Throughout his life, Chopin wrote at least twenty-seven polonaises, the first of which was when he was only seven. The last was in 1846, three years before his early death at age 39. And we count "at least" 27 because at least seven polonaises have been lost; they appear in his correspondence to publishers, pupils, or friends but have not come down to us.
He called Polonaise-Fantasie the last one, for lack of a better title. So he confesses in a letter of 1845 to his Polish family, pointing out his "difficulty in finding the title of a new composition." These were only some of the difficulties. Family harmonies are fading, and so is love. He will spend that summer in Nohant, and it will be his last.
The difficulties are domestic but no less burdensome. The Sand children are no longer children. Maurice is twenty years old and Solange is fifteen. Both are entering life as difficult teenagers. Chopin does not take sides, for now. Rather, he is bored:
"The whole summer was spent here in walks and excursions in the region.... As far as I am concerned, I did not take part, because I would have found more fatigue than pleasure in it. I am tired, I am bored. My character suffers because of it and the young people experience no pleasure in my company."
Nevertheless, that year of 1846 proved to be prodigal.
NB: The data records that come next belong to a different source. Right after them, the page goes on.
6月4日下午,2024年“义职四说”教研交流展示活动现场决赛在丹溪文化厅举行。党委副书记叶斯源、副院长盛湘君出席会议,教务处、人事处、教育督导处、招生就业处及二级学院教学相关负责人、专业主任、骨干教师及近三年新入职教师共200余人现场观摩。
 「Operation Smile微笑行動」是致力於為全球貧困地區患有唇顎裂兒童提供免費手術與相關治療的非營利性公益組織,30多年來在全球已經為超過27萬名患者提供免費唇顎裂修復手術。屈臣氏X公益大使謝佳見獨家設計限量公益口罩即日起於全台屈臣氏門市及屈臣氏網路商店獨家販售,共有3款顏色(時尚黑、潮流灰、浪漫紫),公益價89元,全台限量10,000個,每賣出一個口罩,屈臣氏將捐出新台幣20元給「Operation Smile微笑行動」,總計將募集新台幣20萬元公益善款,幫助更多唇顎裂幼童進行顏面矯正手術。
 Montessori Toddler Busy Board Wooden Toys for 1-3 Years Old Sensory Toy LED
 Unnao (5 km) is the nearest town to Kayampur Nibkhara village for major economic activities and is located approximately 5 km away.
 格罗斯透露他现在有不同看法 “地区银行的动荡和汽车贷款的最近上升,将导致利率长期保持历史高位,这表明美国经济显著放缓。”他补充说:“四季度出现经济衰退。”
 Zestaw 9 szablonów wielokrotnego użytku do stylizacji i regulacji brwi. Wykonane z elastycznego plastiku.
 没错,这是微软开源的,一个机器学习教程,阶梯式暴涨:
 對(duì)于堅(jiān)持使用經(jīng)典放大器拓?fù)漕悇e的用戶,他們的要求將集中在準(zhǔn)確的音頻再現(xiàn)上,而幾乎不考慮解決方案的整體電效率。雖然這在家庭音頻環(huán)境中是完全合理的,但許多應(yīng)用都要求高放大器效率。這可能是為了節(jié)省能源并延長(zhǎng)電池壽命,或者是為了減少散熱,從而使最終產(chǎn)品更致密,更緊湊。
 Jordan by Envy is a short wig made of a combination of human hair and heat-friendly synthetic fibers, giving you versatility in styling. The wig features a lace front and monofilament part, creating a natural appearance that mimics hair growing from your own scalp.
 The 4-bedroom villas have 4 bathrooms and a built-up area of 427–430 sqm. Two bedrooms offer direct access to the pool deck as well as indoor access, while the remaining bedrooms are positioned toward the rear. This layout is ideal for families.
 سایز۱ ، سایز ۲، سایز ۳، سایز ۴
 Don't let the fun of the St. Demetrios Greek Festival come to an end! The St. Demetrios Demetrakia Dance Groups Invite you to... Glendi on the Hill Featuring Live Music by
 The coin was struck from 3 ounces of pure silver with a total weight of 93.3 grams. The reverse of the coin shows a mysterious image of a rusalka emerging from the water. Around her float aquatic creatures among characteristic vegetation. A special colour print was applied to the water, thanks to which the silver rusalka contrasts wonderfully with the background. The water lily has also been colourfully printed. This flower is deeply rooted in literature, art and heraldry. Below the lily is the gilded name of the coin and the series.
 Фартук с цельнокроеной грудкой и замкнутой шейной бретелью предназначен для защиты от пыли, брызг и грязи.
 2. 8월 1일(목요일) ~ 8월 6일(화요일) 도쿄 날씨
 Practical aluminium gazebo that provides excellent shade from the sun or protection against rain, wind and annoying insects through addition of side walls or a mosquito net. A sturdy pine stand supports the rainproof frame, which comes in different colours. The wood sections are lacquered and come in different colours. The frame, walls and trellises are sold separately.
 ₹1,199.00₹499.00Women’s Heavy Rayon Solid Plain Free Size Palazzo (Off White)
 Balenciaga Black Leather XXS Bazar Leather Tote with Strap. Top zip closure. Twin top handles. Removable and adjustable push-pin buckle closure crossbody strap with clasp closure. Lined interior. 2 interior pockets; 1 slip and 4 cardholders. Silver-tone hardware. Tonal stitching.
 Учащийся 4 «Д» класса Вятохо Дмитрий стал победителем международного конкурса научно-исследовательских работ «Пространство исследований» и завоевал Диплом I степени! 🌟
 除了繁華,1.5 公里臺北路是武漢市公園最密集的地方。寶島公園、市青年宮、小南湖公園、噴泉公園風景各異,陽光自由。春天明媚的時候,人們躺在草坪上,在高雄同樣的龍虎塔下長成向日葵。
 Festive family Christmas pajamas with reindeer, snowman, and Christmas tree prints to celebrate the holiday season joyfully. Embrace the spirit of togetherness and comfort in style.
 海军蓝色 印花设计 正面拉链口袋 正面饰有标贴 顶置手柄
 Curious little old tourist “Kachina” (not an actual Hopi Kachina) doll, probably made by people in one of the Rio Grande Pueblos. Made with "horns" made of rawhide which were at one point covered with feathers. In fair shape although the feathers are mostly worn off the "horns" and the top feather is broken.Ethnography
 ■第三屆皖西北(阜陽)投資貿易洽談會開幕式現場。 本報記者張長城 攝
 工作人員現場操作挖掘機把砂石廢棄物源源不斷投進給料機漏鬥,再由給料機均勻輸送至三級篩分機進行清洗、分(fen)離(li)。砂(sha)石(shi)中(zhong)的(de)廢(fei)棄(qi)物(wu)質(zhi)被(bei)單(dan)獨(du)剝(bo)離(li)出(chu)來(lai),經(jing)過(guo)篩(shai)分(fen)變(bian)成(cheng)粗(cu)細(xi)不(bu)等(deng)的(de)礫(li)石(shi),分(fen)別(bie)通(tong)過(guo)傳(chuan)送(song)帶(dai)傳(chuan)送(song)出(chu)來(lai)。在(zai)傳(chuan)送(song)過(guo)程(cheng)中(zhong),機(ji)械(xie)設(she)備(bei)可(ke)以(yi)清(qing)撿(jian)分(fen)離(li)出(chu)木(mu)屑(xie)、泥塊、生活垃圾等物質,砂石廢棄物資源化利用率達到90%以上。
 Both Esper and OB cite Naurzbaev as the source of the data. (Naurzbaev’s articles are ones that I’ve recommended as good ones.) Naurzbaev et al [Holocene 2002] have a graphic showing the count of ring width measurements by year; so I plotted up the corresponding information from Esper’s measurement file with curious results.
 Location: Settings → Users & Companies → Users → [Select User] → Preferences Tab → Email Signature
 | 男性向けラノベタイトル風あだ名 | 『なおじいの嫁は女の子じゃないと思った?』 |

The three mazurkas of Opus 59, the sonata for cello and piano, the Barcarolle, and the Polonaise-Fantaisie, which had probably been outlined the previous year, were completed.
As mentioned, this "new composition" is preceded by at least twenty-six polonaises. There are brilliant, heroic, military, and tragic ones. But this time it took a lot of work for Chopin to find a suitable title or subtitle. And the question arises: why didn't he simply call it Polonaise. There was a reason. The work was far more than a familiar polonaise and, curiously, also something less.
Polonaise-Fantaisie for piano No. 7, in A-flat major, opus 61
It is one of Chopin's most important works and one of the most complex harmonic writing so only in the twentieth century the work began to be favored by audiences, critics, and performers.
In the opinion of scholars, the new composition seems more like a fantasy than a polonaise (with which Chopin, hesitantly, would have finally hit the nail on the head), a sort of melancholic reverie that, despite the atmosphere, manages to maintain the rhythmic characteristics of the traditional dance, albeit at times.
A long improvisatory introduction, marked allegro maestoso, leads into the thematic material proper.
Lasting a little more than twelve minutes, it was published that same year 1846, with a dedication to a student, Mme. Veyret, the wife of the honorary consul of Ecuador.
The rendition is by the brilliant pianist Kate Liu – born in Singapore – during her presentation at the International Chopin Competition in Warsaw, in 2015, when she was awarded the Third Prize.